= Jiří Rosický (mathematician) =

Czech mathematician

Jiří Rosický (born 1946) is a Czech mathematician. He works on the field of category theory. He is full professor at Masaryk University of Mathematics in the group of Algebra, Topology and Number Theory, which he led for several years.

==Life==
Jiří Rosický was born in 1946. In 1963–1968, he studied mathematics at the Faculty of Science of the Masaryk University. In 1969, he started to work in the department of algebra and geometry at the Faculty of Science. In 1979, he became head of the department.

==Work==
His work is in category theory, model theory, abstract homotopy theory, and general algebra.

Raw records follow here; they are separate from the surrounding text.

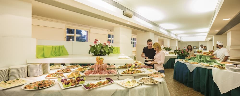Il ristorante presenta sia una sala interna climatizzata che una veranda esterna con vista parco e ad ogni camera verrà assegnato un tavolo che rimarrà lo stesso per tutta la durata del soggiorno. Il servizio di colazione, pranzo e cena sarà con buffet assistito. Le bevande verranno servite imbottigliate ( a pagamento ). A disposizione dei nostri clienti un bar in piscina ed uno in spiaggia.
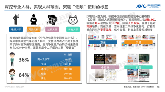 首先,二手烟影响深入人心,不需要重新进行产品教育,其次人口基数较大,2015年中国疾病预防控制中心发布的调查数据显示,中国成人有超3亿人吸烟,第三是这份调查数据同样显示,吸烟者人均吸烟15.2根,更是证明抽烟场景极其高频,最后是相关宣传较少,京东天猫几乎没有相关标签,抖音和小红书相对多些。而从需求角度看,根据奥维云网和天猫共同发布的《空气净化器行业洞察白皮书》显示购买中高端空气净化器的人群中,女性占比达64%,且学历越高对空气净化器的偏好度越高,而这类人群正是家庭中二手烟的主要“受害者”。
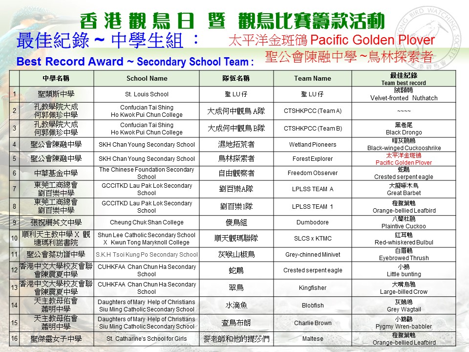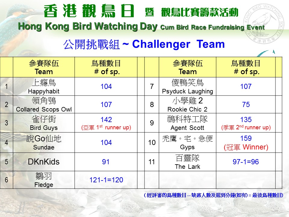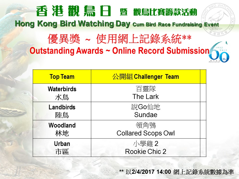 [Others 其他] 香港觀鳥日2017 - 比賽結果及花絮
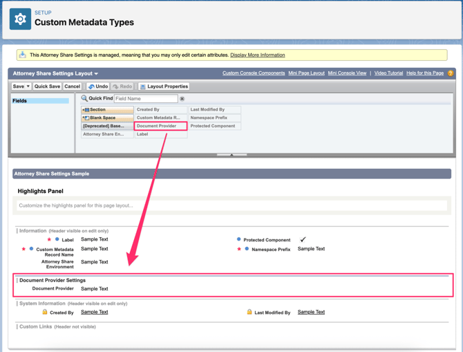 Check if you have a Document Provider Setting section, and if not, create one in the page. Drag the
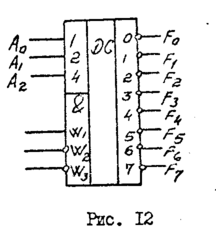 7. Объясните схему включения дешифратора-демультиплексора.
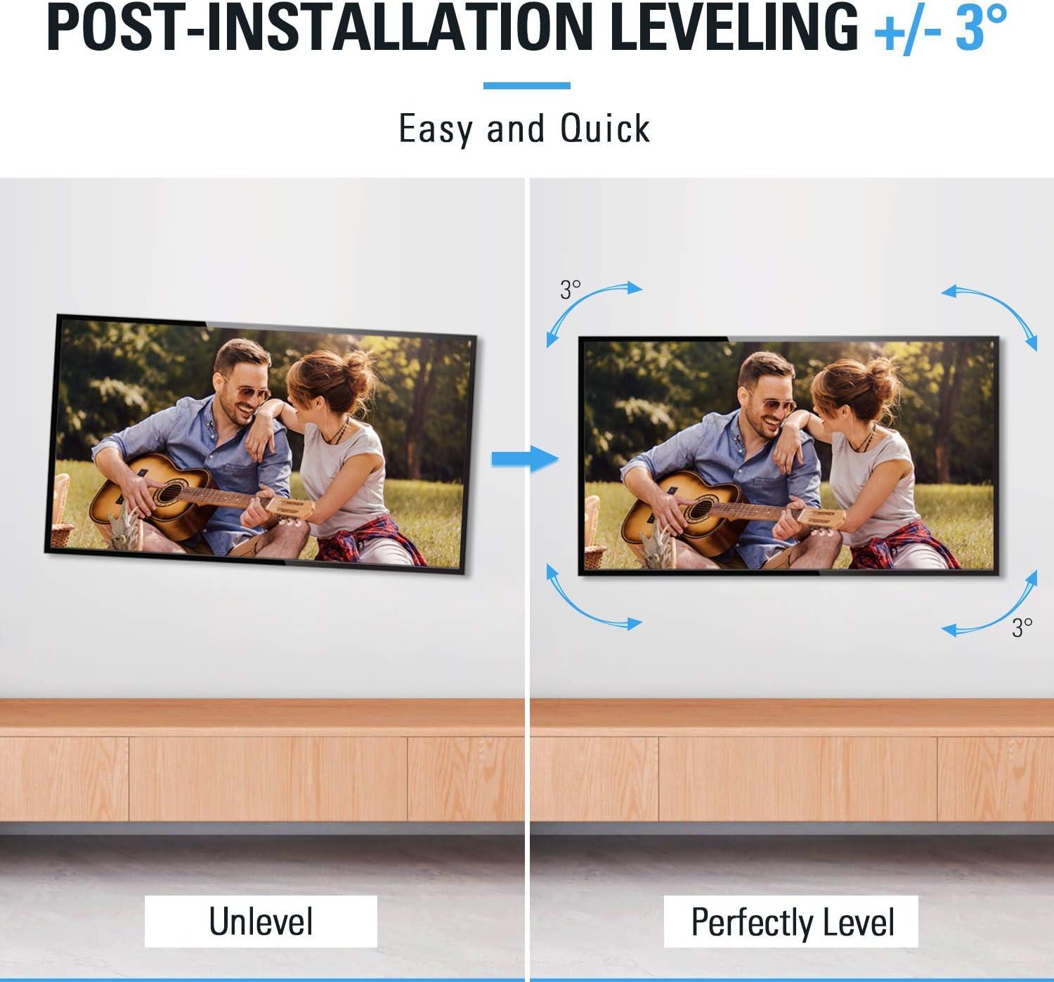 UPGRADE VIEWING EXPERIENCE: Full motion TV wall mounts tilt TV forward 15°/backward 5° to reduce screen glare, neck stain, eye-strain. With up to ±45° swivel, wall mount TV bracket can point the TV almost anywhere. +/-3° rotation adjustments for maximum viewing flexibility.
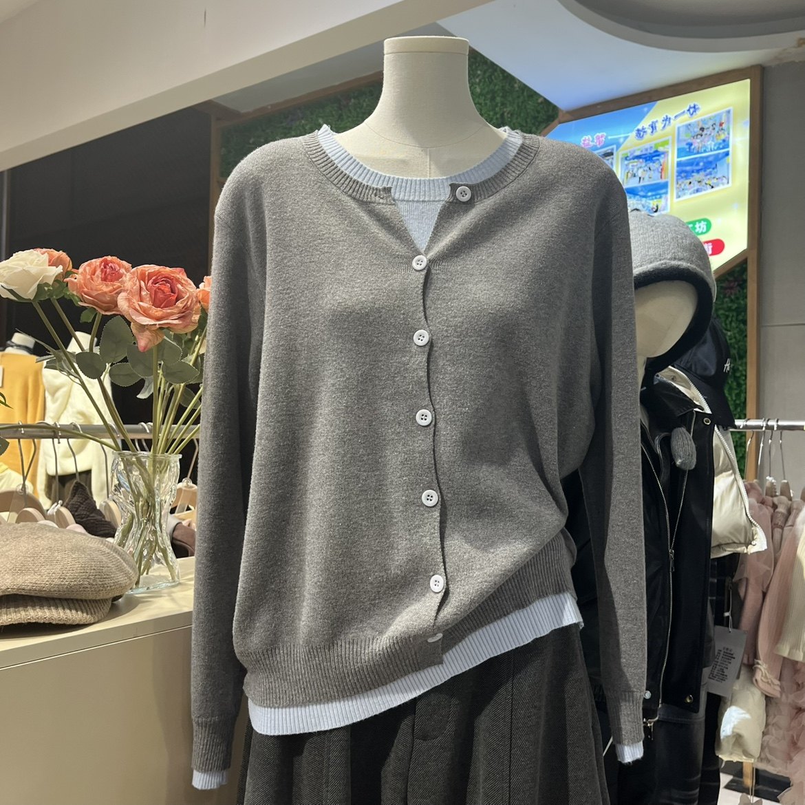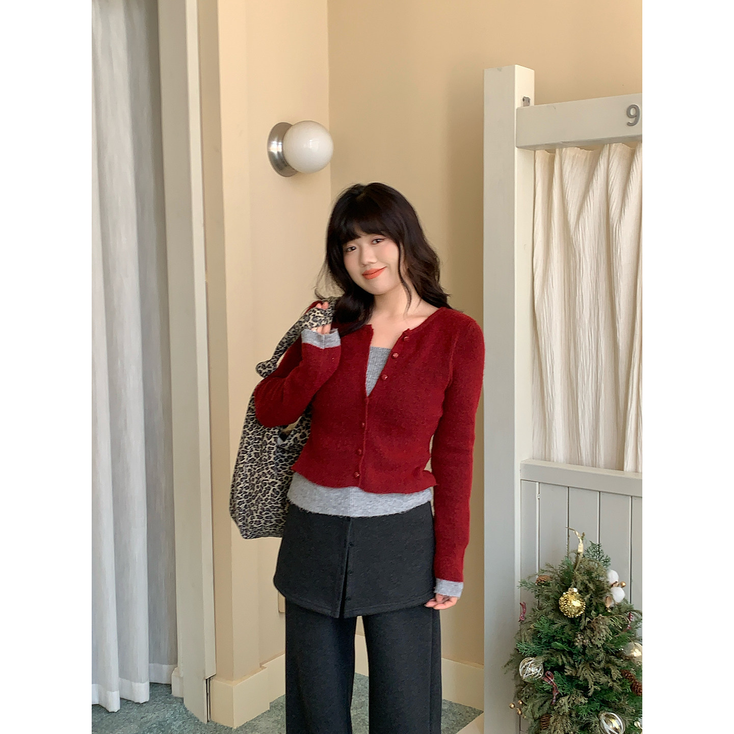 大码圆领安可拉红假两件针织毛衣女早秋胖mm显瘦长袖开衫外套上衣
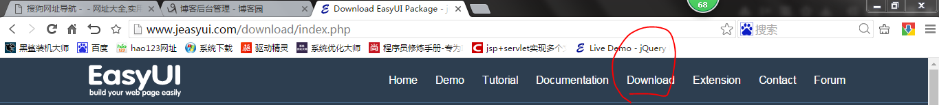 首先,下载jquery easyui文档,url: http://www.jeasyui.com/index.php

In 1980s he started working on interactions between model theory and category theory. This brought his interest to accessible and locally presentable categories. Along with Jiří Adámek he has written a book on the theory of locally presentable and accessible categories, which quickly became the most cited book on the subject. Closer to the 2000s he became interested in connection between weak factorisation systems and homotopy theory, and he wrote several papers on the subject of combinatorial model categories. He was active in several other topics, ranging from the theory of quantales to many aspects of general category theory: he introduced tangent categories and tangent bundle functors.

He serves as an editor for Theory and Applications of Categories. He is the editor-in-chief of the Archivum Mathematicum journal.